User and Owner Passwords
------------------------

When you use qpdf to show encryption parameters and you open a file
with the owner password, sometimes qpdf reveals the user password, and
sometimes it doesn't. Here's why.

For ``V`` < 5, the user password is actually stored in the PDF file
encrypted with a key that is derived from the owner password, and the
main encryption key is encrypted using a key derived from the user
password. When you open a PDF file, the reader first tries to treat
the given password as the user password, using it to recover the
encryption key. If that works, you're in with restrictions (assuming
the reader chooses to enforce them). If it doesn't work, then the
reader treats the password as the owner password, using it to recover
the user password, and then uses the user password to retrieve the
encryption key. This is why creating a file with the same user
password and owner password with ``V`` < 5 results in a file that some
readers will never allow you to open as the owner. When an empty owner
password is given at file creation, the user password is used as both
the user and owner password. Typically when a reader encounters a file
with ``V`` < 5, it will first attempt to treat the empty string as a
user password.

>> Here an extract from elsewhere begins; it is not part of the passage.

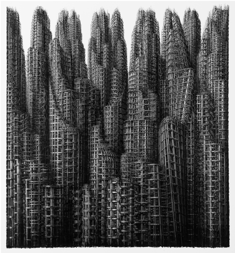 Şimdiye kadar bahsettiğim işlerde İpek’in insan-dışı (ya da öncesi) varlık haliyle teması söz konusuydu. Construction Regime - Building Porn adlı serideki işler ise insan müdahalesinin ‘pornografik’ derecede hissedildiği inşa manzaraları içeriyor. Bu manzaraları kelimenin metaforik anlamıyla birer ‘natürmort - ölüdoğa’ olarak görmek mümkün. Yukarıda bahsettiğim ‘varlığın nefes alan hali’nin hiç olmadığı, varlık ya da doğa için bir nefes alma ihtimalinin kalmadığı bir istila manzarası bu. Binaların resmedilişindeki inanılmaz detaycılık da manzaralardaki boğuculuğu arttırıyor. Piranesi’nin 18. yüzyıldaki bina çizimlerinin ‘cehennemsi mimarisi’ni burada da hissetmek mümkün. Bir diğer 18. yüzyıl ‘cehennem çizeri’ Goya’nın Kara Resimler’indeki grotesk hava da burada belli belirsiz hissediliyor. Sözde rasyonel bir temele dayanan mevcut inşa faaliyetinin ulaştığı ‘irrasyonel’ ve ‘grotesk’ seviyeyi göstermek, politik açıdan gayet önemli. Doğanın jungle’larını ‘uygarlık’ adına yok eden insanların, kendi yapay-bina-jungellarını üretmeleri, aydınlanma retoriğinin nihayetinde Nazizme kadar uzanan bir müdahaleyi üretmesine paralel bir şey: Aydınlanma’nın rasyonelliğinin içinde ‘irrasyonel’ denetim çabası nasıl politik bir cehenneme yol açtıysa, ‘aydınlanma’ romanı Robinson Crusoe’dan bu yana uygarlık inşası da bir cehennem manzarası yarattı.

If that works, the file is encrypted but not
password-protected. If it doesn't work, then a password prompt is
given.

For ``V`` ≥ 5, the main encryption key is independently encrypted
using the user password and the owner password. There is no way to
recover the user password from the owner password. Restrictions are
imposed or not depending on which password was used. In this case, the
password supplied, if any, is tried both as the user password and the
owner password, and whichever works is used. Typically the password is
tried as the owner password first. (This is what the PDF specification
says to do.) As such, specifying a user password and leaving the owner
password blank results in a file that is opened as owner with no
password, effectively rendering the security restrictions useless.
This is why :command:`qpdf` requires you to pass
:qpdf:ref:`--allow-insecure` to create a file with an empty owner
password when 256-bit encryption is in use.